The statistical analysis of the obtained results was performed using Microsoft Excel 2016 and STATISTICA 13 PL programs. To determine the effect of pre-treatment, drying method, pressure, and microwave power of microwave-vacuum dryer on selected physicochemical indices, a one- or two-factor analysis of variance was carried out for the mean values from 3 repetitions. Tukey’s HSD test was performed to determine homogeneous groups (post hoc test). Pearson’s correlation was also performed to investigate the relationship between the selected indicators. In addition, principal component (PCA) with classification and cluster analysis was performed.

4. Conclusions

The initial thermal treatment of carrots in the form of convective drying, blanching in water, and microwave drying allowed for the reduction of moisture content (increased dry matter content) to a level that allowed for the proper drying of the material using the MVD method or caused physicochemical changes in the tissue enabling MVD drying. For this reason, the use of different pressure and microwave power affects the quality characteristics of the obtained MVD-dried products, which can be achieved without preliminary reduction of the moisture content of the material.

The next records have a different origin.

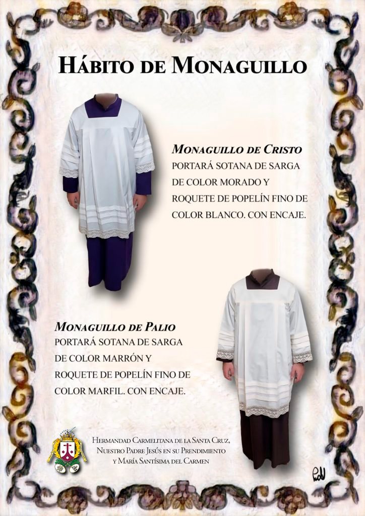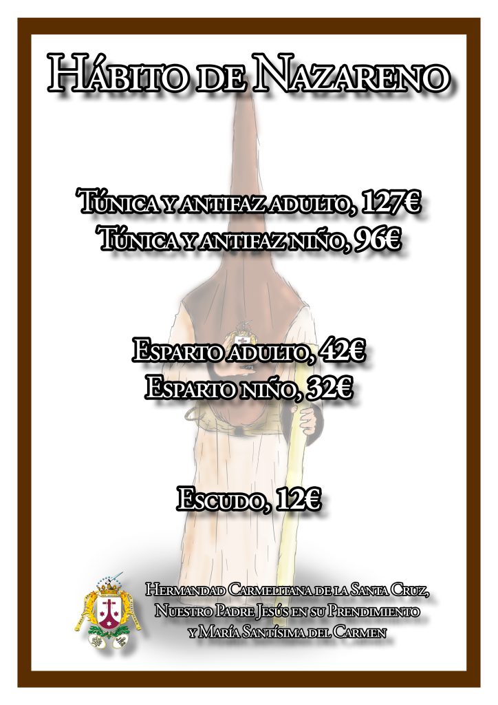 - La túnica será de sarga o lienzo marfil de cola, con tres botones de dos centímetros de diámetro forrados de tela marrón en la zona superior delantera y distribuidos hasta una altura aproximada de unos treinta centímetros, siempre. El antifaz, que será asimismo igual tejido, en color marrón, se elevará sobre la cabeza con cartonera cónica o capirote de ochenta a cien centímetros de altura, y caerá sobre la espalda, hombro y pecho, en donde irá sobrepuesta el escudo de la Corporación. La túnica irá ceñida a la cintura por un cinturón de esparto natural de entre veinticinco y treinta centímetros de ancho, pasando la cola de la túnica por detrás del mismo y saliendo por encima. Todos los nazarenos calzarán zapatos y calcetines de color negro, y no deberán llevarse guantes, anillos, pulseras o alhajas que desdigan del sentido penitencial de la procesión y solamente se permite la alianza matrimonial. Tampoco podrán tenerse uñas pintadas.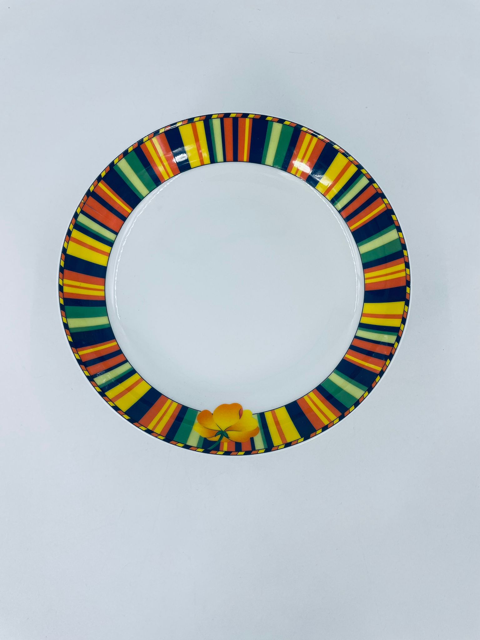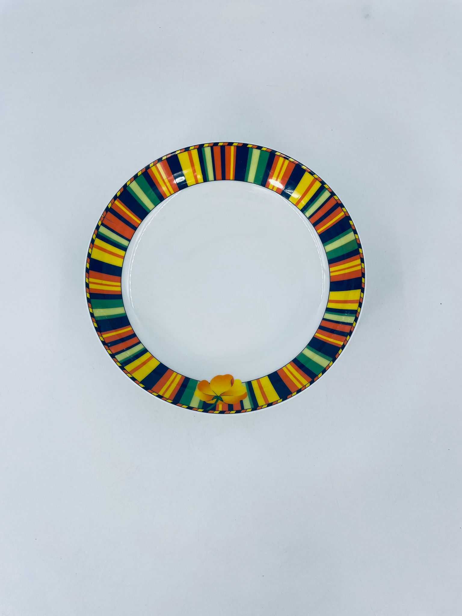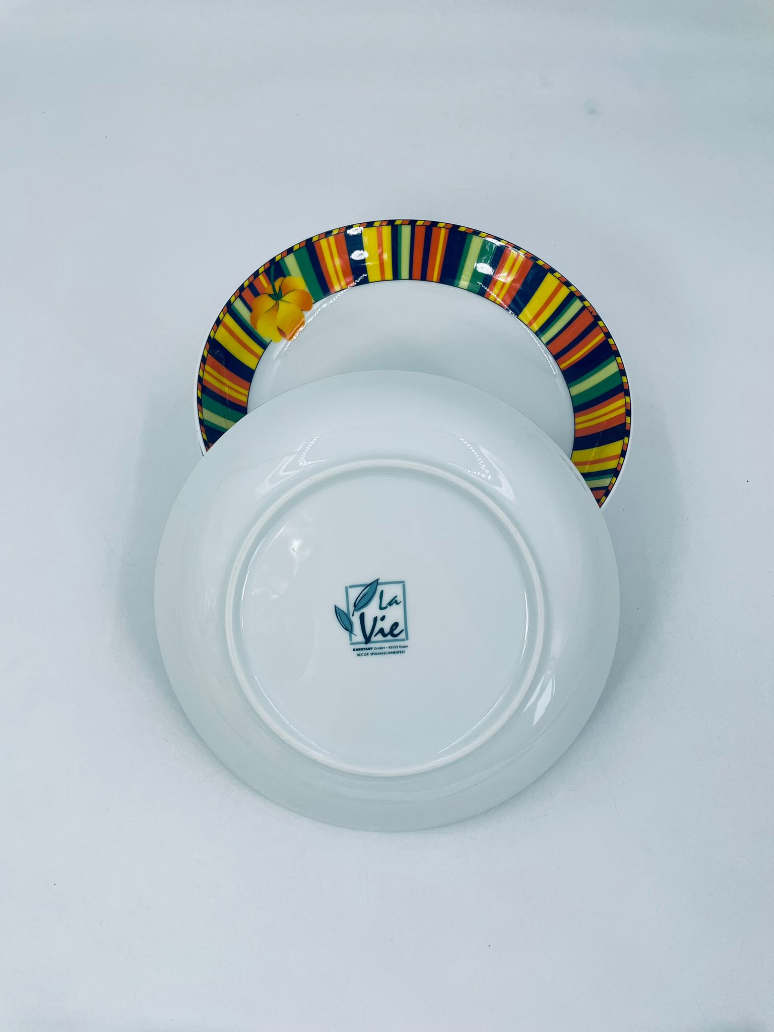 A deep plate by La Vie with a decorative, distinctive multicoloured pattern and flower.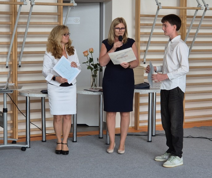 Najlepsi uczniowie z klas 4-8 otrzymali świadectwa z wyróżnieniem i gromkie brawa, a najlepszy uczeń w szkole tradycyjnie otrzymał nagrodę pieniężną.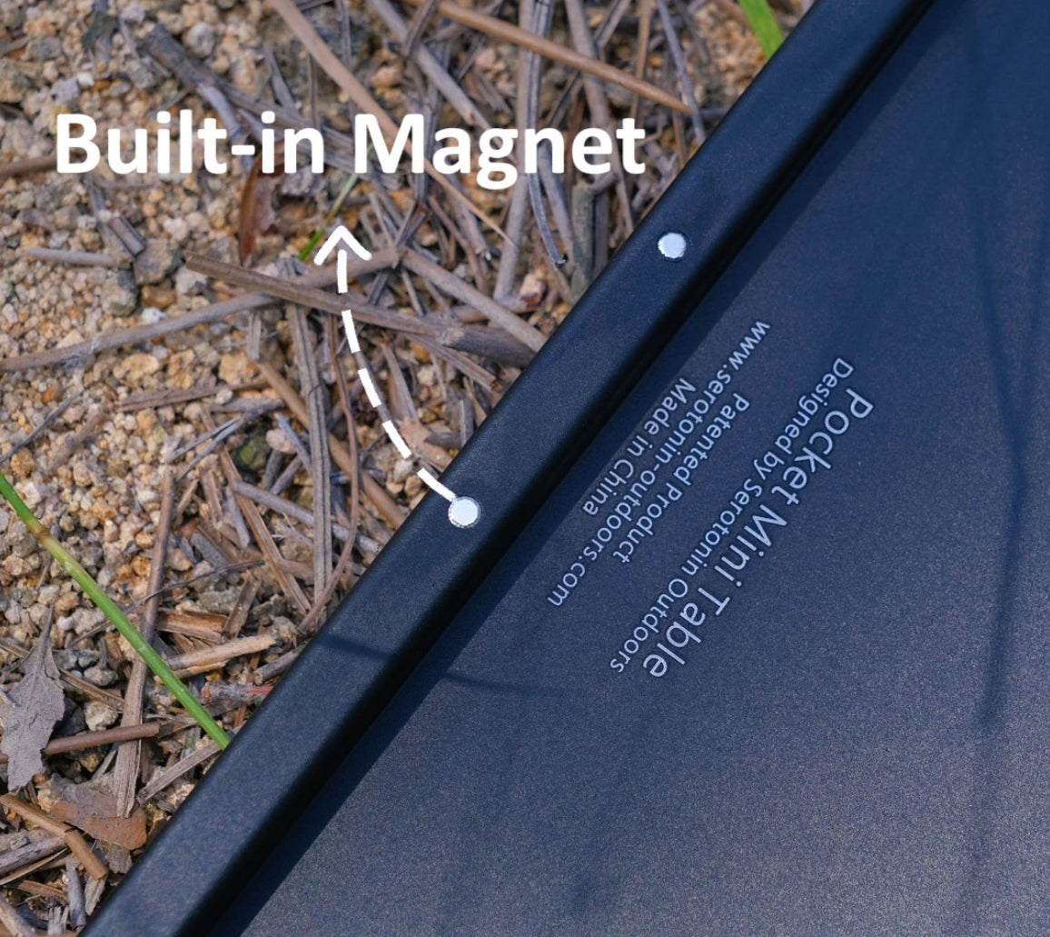 Crafted from high-quality aluminum alloy and 304 stainless steel, the Pocket Mini Table is both lightweight and robust. Unlike other wooden or nylon tabletops, the aluminum surface is oxidation-treated, making it waterproof, corrosion-resistant, scratch-resistant, and easy to clean.

Osmotic enrichment of carrots in NFC juices, a carrier of biologically active compounds, allowed for obtaining dried products with an increased content of health-promoting ingredients that can be lost during drying using various methods. Even in the case of low-temperature freeze-drying, there was a significant reduction in carotenoids. Enrichment in sea buckthorn juice (SB) allowed for a 41.4 and 46.8% increase in the average carotenoid content compared to the use of pomegranate (PG) and chokeberry (CH) juice and even a nine-fold increase in vitamin C content compared to raw carrot. The use of CH juice had a dominant effect and contributed to a significant increase in TPC content, regardless of the drying method, where the highest value was obtained for FD-dried fruit, even 1255.0 mg GAE/100 g d.m.

The value of the applied pressure (3.5/6.5 kPa) and microwave power (250/400 W) in MVD drying significantly influenced the technological parameters of microwave-vacuum-dried fruit, such as dry matter content and water activity. These parameters also contributed to changes in the sugar content in the obtained dried fruit. Higher pressure (6.5 kPa) at lower microwave power (250 W) increased total sugar content, regardless of the NFC juice type.